Tag Archives: when standardization is good

Conventional Wisdom & Specialization

Conventional wisdom is an asset in so many situations that one can hardly do without it. After all, it “makes sense!” Or at least it seems to make sense… and it can speed-up consensus and increase our confidence in our decision making.

But in a dynamic world when the underlying assumptions shift, we conventional wisdom easily lead our organization to make some big

For example, conventional wisdom holds that specialization is good. A person can get very fast and reliable doing the same thing the same way again and again. The classic example is Henry Ford’s assembly line which broke the complex craft of auto assembly into a sequence of very specialized jobs that could be easily taught to the relatively unskilled labor on the assembly line. Assembly line efficiencies put automobile ownership in reach of a much larger portion of the country and made the benefits of specialization a part of our national business psyche.

Specialization is applied to many jobs today as well, such as dividing a call center into teams of specialists by type of call, or dividing incoming orders so that one person handles all of the especially complicated jobs, or conversely, the easiest tasks may be pruned off and assigned to a junior person to exclusively handle.

When the volume and nature of the work flow is predictable, specialization can increase both efficiency and quality. But when the quantity, timing, or nature of the demand for work is uncertain, specialization significantly reduces efficiency!

For example, when a service organization wanted to speed up throughput and reduce overtime costs for processing new account applications for clients in the Financial Services industry, they organized their processors into different groups to handle different clients. This enabled each processor to complete an account
set-up faster because they could easily memorize the steps and forms for their small group of clients.

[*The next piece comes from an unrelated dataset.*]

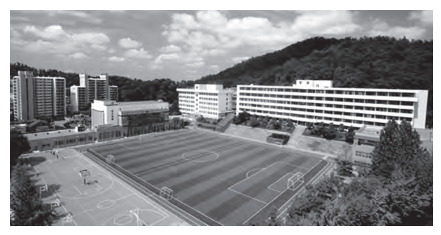
Sunjung Middle and High School, and International Tourism High School (Seoul)

This school is now affiliated with our Sunhak Educational Foundation. Applying our philosophy, it has become an exemplary educational institution. Our foundation includes three other specialized schools. Kyong Bok Elementary School, which opened in 1965, has a proud history and tradition. Sunjung Middle and High School produces competent young people by offering character education based on heart, in addition to excellent academics. These schools have international student bodies living and studying together with the aim of becoming global leaders. Another school, Sunjung International Tourism High School, prepares leaders for the hospitality industry. At that school, every year on National Teachers' Day, we invite teachers who have defected from North Korea to attend our Teachers' Day Event, in preparation for the day when the two Koreas will be reunited.

Nonetheless, the efficiency of the operation as a whole declined substantially. Variation in the incoming volume resulted in one group being swamped one day and working overtime, while another group was very slow.

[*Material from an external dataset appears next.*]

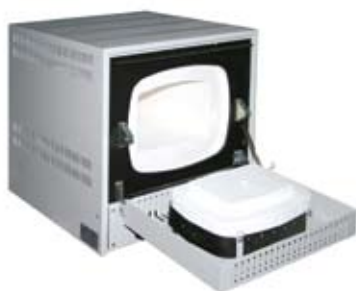
SNOL 8,2/1100 LZM01

So the rule is: sequential specialization, like the assembly line, often speeds up the mastery and execution of the subset of work, but will also reduce the total throughput whenever there is variation in the amount of time that a step may take. Each hand-off is an opportunity for work to be waiting for a worker or for a worker to be waiting for
work. When variation is low, specialization can increase throughput, but if there is variation in incoming quality or in the amount of time needed to execute a step, specialization tends to reduce efficiencies of the operation as a whole.